- [WORK ORDER]
Lines from the one with "Bild 3: Invändigt, Entréplan, Sovrum" through the end of the records, and no others, are what the answer should contain, copied exactly; please keep pictures out.
......
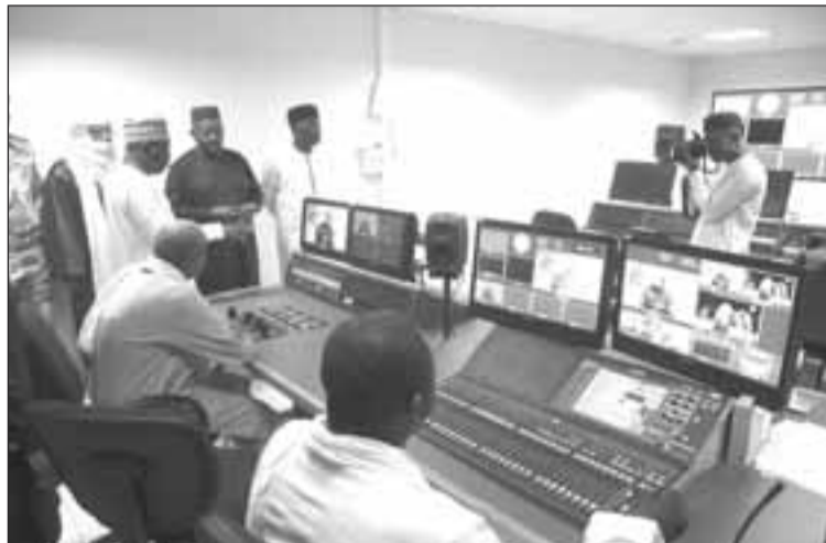
Le ministre de la Communication visitant la RTN
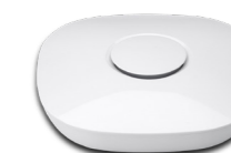
Tribe 2 Smartbox Art.nr: 17436 Ean: 7317900174360
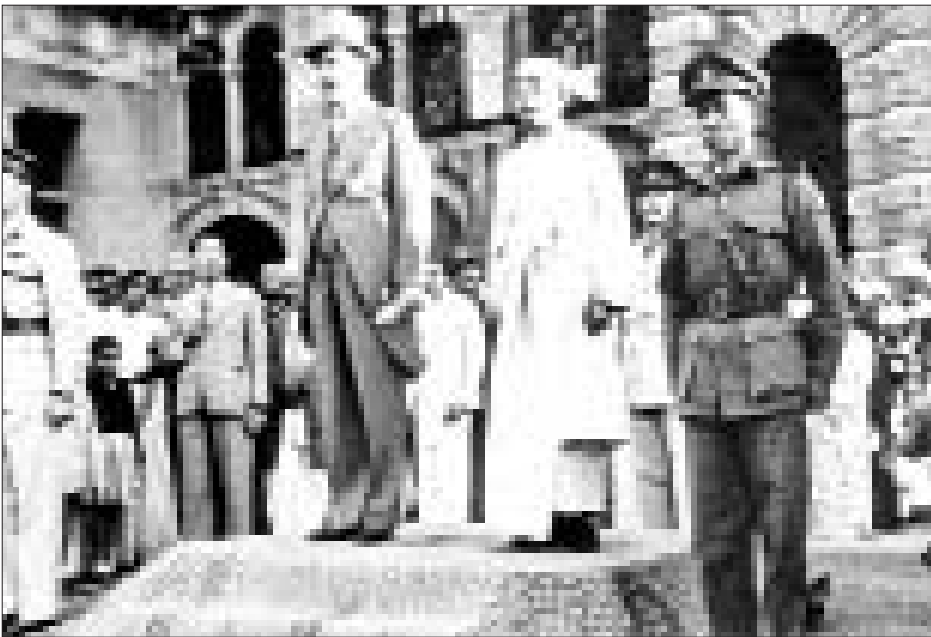
သမ္မတကြီးစစ်ရွှေသိုက်နှင့် ဘုရင်ခံဆာဟူးဘတ် အယ်လ်ပင်ရန့်စ် တို့ကို ၁၉၄၈ ခုနှစ် လွတ်လပ်ရေးနေ့ အလံတင်အခမ်းအနားတွင် တွေ့ရစဉ်။

မာနမှ သက်ဆင်းလာသော “မာန်”ကိုလည်း အောက်ပါအတိုင်း တွေ့နိုင်သည်။ (၁) သေယျမာန် (ငါသည် သူတို့ထက် အမျိုး လည်းမြတ်သည်။ အကျင့်လည်းမြတ်သည်။
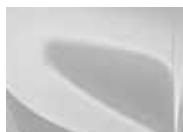
Deluxe White (HW2 – Metallic)
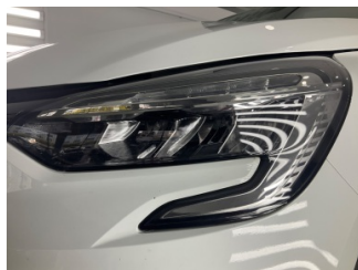
Farlar, Far, sol > Taş Izi
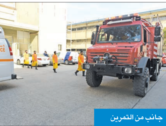
جانب من التمرين

نفذت الإدارة العامة للإطفاء، ممثلة في قطاع مكافحة، صباح أمس، تمريناً عملياً بالتعاون مع شركة مطاحن الدقيق والمخابز الكويتية في المقر الرئيسي لها، وذلك لزيادة الجاهزية وتعزيز التنسيق في حالات الطوارئ.
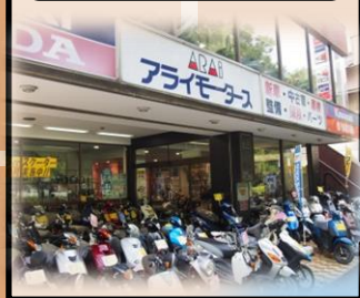
アライモーターズ 府中店
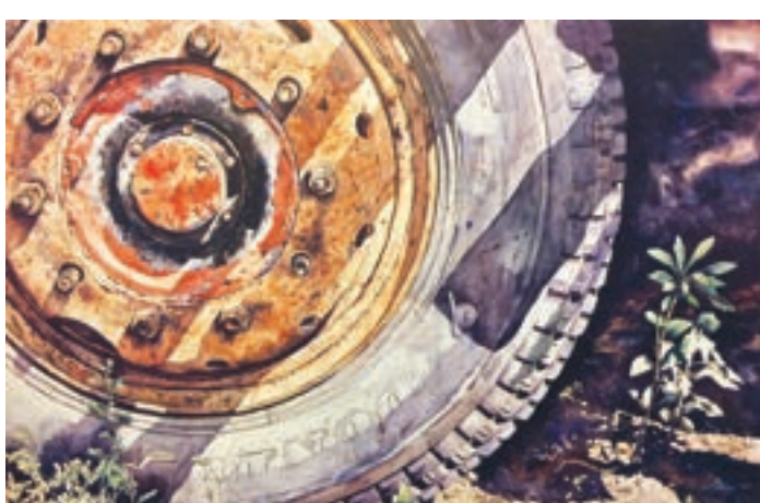
強與弱 1989年 在火炭工作室附近空地停車場，看見巨大的貨車輪吹，與外柔內剛的小葉子對峙著，猶如螳臂擋車，非常震撼。
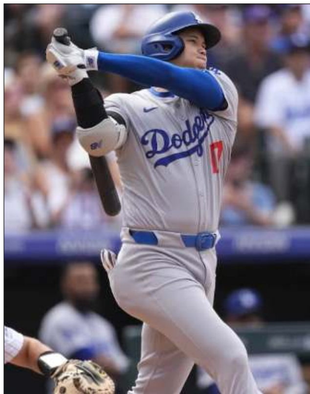
▲ Shohei Ohtani (foto) y Aaron Judge cosiguieron dos de las mejores temporadas ofensivas en la historia de las Mayores.

Nueva York tiene a su favor el criterio de desem-
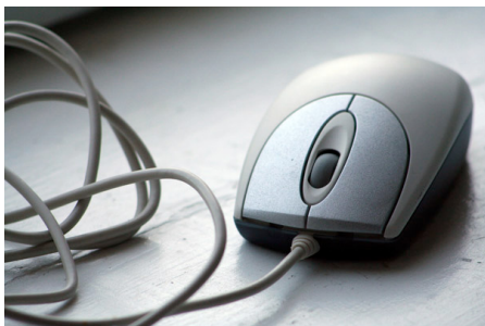
Fjärrundervisning kan var praktiskt i små skolor.

Utbildning på distans kan vara en del i mer bärkraftig och fungerande skola i skärgården. Vi ser
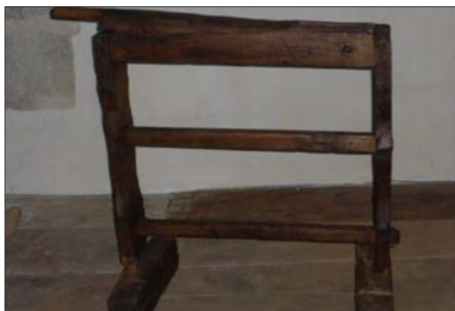
Fig. 2 – La bargua à broyer les tiges de chanvre
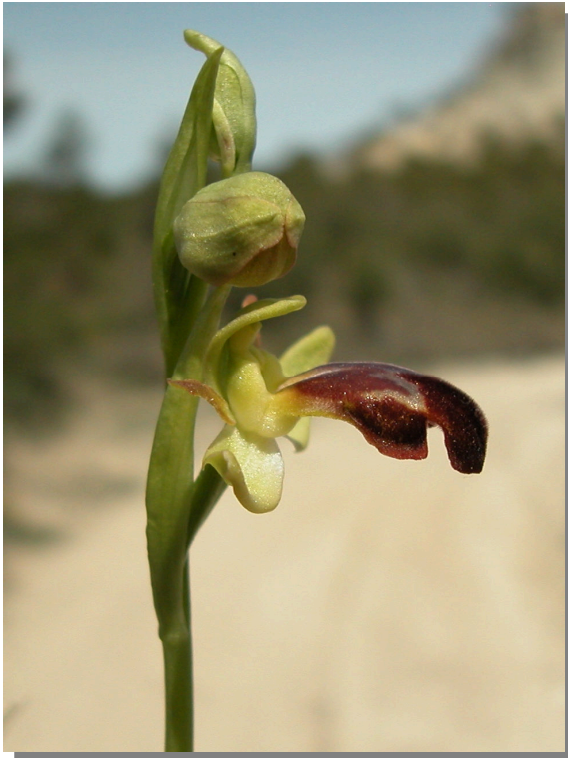
O. lupercalis . Detalle de la inflorescencia
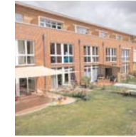
Reihenhäuser in Hamburg-Iserbrook Dipl.-Ing. Architektin Christiane Gerth
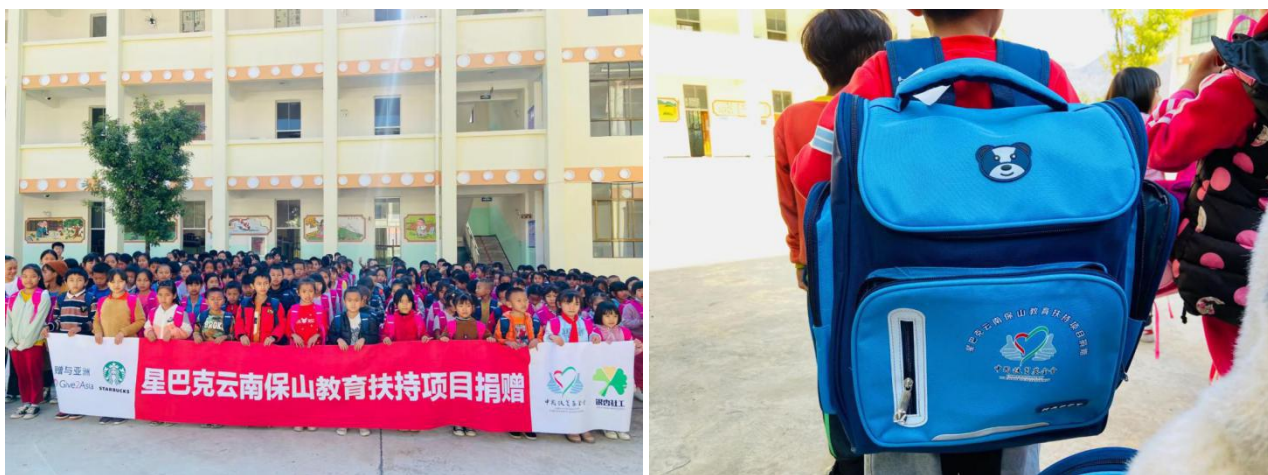
爱心包裹捐赠及发放
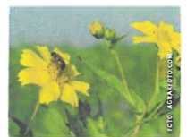
Die Webinarreihe startet am 18. April.

Eine Webinarreihe zum Thema „Überlebe in der Biodiversitätsfläche!“ wird angeboten. Kuriose Begegnungen mit Insekten und Gespräche unter Heuschrecken – dies und mehr gibt es bei den Webinaren am: Do., 18. April, Mo., 22. April, Do., 25. April, Mo., 27. Mai, Di., 28. Mai, 19 bis 20.45 Uhr; Kursbeitrag: 20 Euro (mit Betriebsnummer). Anmeldung: oekl.at/webshop/veranstaltungen/
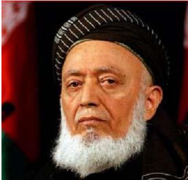
(برهان الدين رباني)

دا لیکنه پر (۱۳۹۵ ل کال) د یو شمېر هغو کړیو په ځواب کې لیکل شوې، چې په انتقاد کې له افراط څخه کار اخلي او په یو اړخیز ډول قضاوت کوي.
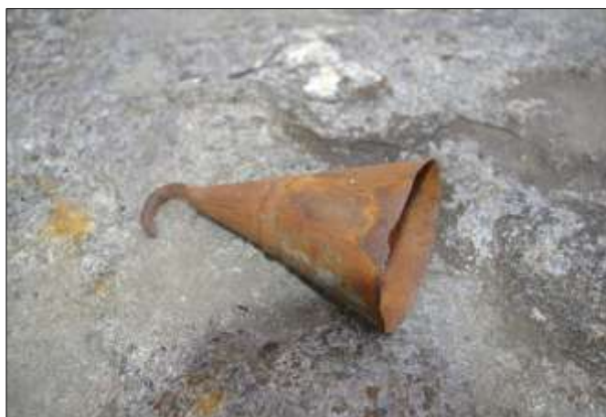
Bustskrape for å få av busta og med krok for å renske klauvene. Det ble brukt vann inntil 75 grader for da løsna busta lettere.
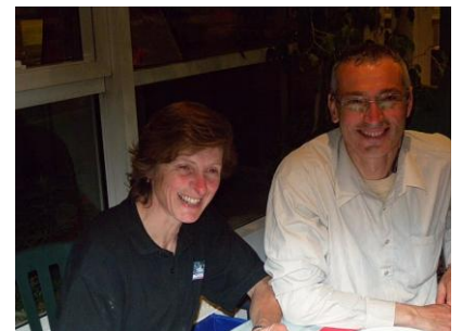
Notre président apprécie ainsi que notre « présidente »
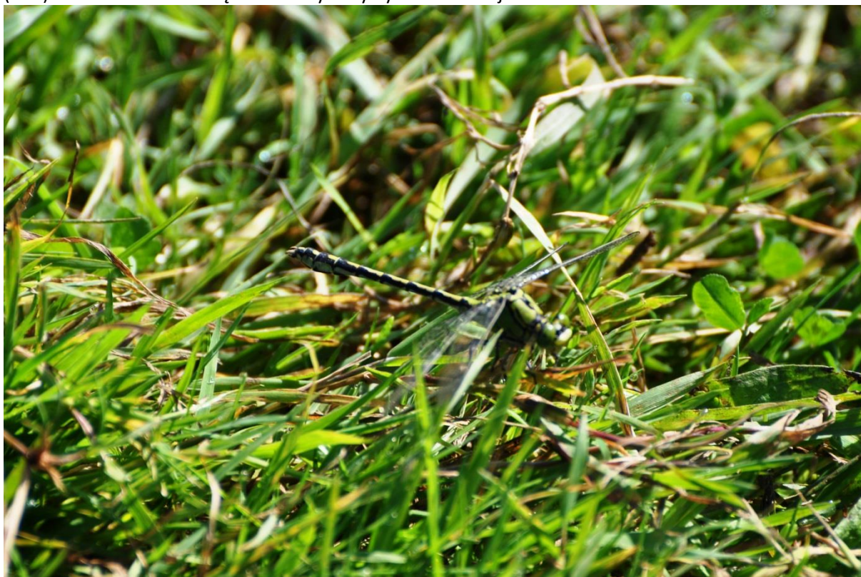
Fot. 24. Trzepla zielona Ophiogomphus cecilia

Trzepla zielona Ophiogomphus cecilia . Podawana jako liczna w Kołobrzieskim Lesie - 2007, 2010, 2012 (PPK). Umieszczona w Załączniku II Dyrektywy Siedliskowej. Ochrona ścisła.
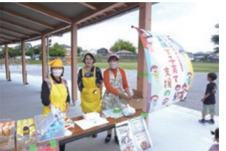
あんなかスマイルパークで開催された子ども食堂

よる寄付金16万円を贈呈しました。寄付金は、食材購入等運営費用に活用して頂きました。「安中市子ども食堂連絡協議会」は、安中市内9カ所の子どもの食堂と連携を図るため2019年にスタート。1学区に一つの子ども食堂を目指し、老若男女を問わずさまざまな人が自由にそして心地良くいられる居場所を創るため継続した活動を行っています。
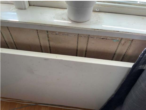
Bild 3: Invändigt, Entréplan, Sovrum 1, Spricka i vägg under fönster
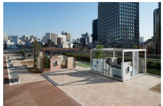
エクステリア&ガーデン

外構・植栽は、「シンプルモダン」「ナチュラル」「オーセンティック・ジャパニーズ」「テイストフル」の4つのテーマ別にコーディネートされてい
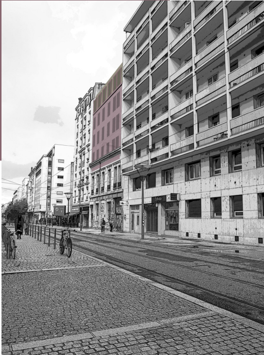
Réhabilitation + Surélévation // Etude en cours
......
- [EXERCISE RESPONSE]
Bild 3: Invändigt, Entréplan, Sovrum 1, Spricka i vägg under fönster
エクステリア&ガーデン

外構・植栽は、「シンプルモダン」「ナチュラル」「オーセンティック・ジャパニーズ」「テイストフル」の4つのテーマ別にコーディネートされてい
Réhabilitation + Surélévation // Etude en cours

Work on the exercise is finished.